* [Records for processing]
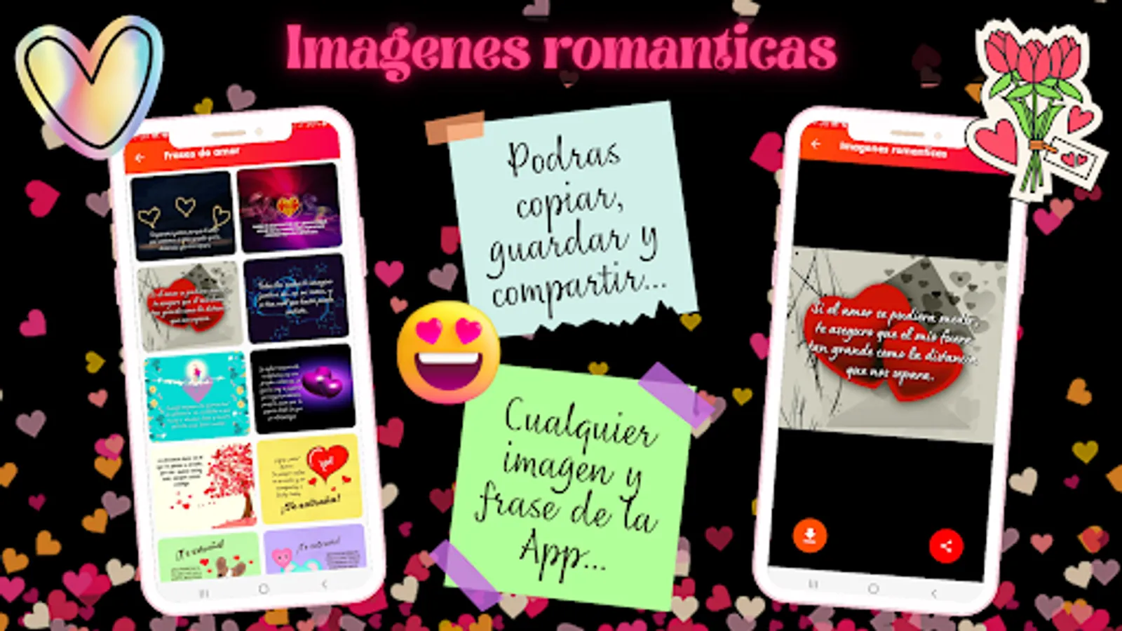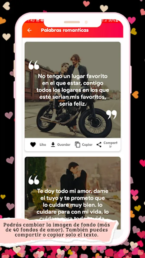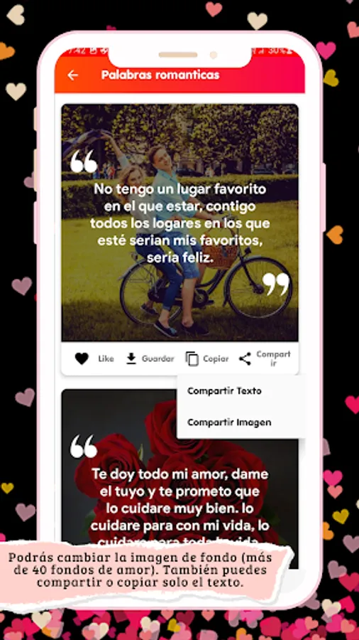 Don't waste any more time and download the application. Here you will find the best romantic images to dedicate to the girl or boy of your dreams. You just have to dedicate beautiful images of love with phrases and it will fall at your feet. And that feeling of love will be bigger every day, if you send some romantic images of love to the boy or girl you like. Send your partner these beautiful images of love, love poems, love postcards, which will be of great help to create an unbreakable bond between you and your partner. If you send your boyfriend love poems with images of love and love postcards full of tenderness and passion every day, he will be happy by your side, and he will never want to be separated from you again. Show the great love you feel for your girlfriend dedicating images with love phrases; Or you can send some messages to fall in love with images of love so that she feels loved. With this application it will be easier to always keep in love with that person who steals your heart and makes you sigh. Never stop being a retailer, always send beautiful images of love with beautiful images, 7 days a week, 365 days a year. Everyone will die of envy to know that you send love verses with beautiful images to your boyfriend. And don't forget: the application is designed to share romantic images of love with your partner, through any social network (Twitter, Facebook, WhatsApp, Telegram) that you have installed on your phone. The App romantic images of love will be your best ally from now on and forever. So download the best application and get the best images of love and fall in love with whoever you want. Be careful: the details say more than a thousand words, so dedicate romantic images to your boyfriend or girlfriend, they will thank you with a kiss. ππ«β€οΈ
---
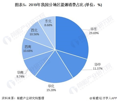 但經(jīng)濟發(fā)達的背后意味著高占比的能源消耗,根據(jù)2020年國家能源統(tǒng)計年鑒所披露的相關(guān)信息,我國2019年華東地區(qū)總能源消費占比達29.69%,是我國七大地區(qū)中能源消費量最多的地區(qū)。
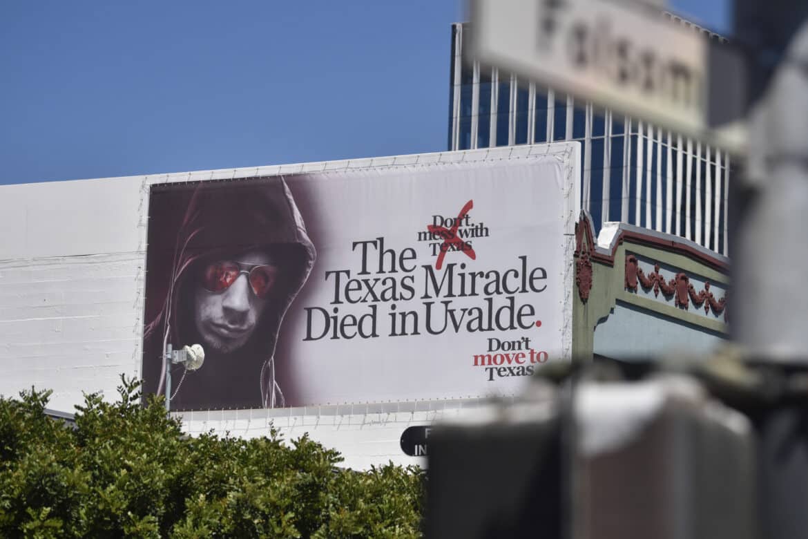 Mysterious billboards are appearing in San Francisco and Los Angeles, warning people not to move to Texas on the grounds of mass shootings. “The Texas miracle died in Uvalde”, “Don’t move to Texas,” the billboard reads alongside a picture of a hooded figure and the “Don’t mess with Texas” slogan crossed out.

* [What to work on]
For this exercise, return exactly the lines above from the line with "但經(jīng)濟發(fā)" through the line with "Mysterious billboards are", both included. Do not copy the pictures.

* [Answer to the exercise]
 但經(jīng)濟發(fā)達的背后意味著高占比的能源消耗,根據(jù)2020年國家能源統(tǒng)計年鑒所披露的相關(guān)信息,我國2019年華東地區(qū)總能源消費占比達29.69%,是我國七大地區(qū)中能源消費量最多的地區(qū)。
 Mysterious billboards are appearing in San Francisco and Los Angeles, warning people not to move to Texas on the grounds of mass shootings. “The Texas miracle died in Uvalde”, “Don’t move to Texas,” the billboard reads alongside a picture of a hooded figure and the “Don’t mess with Texas” slogan crossed out.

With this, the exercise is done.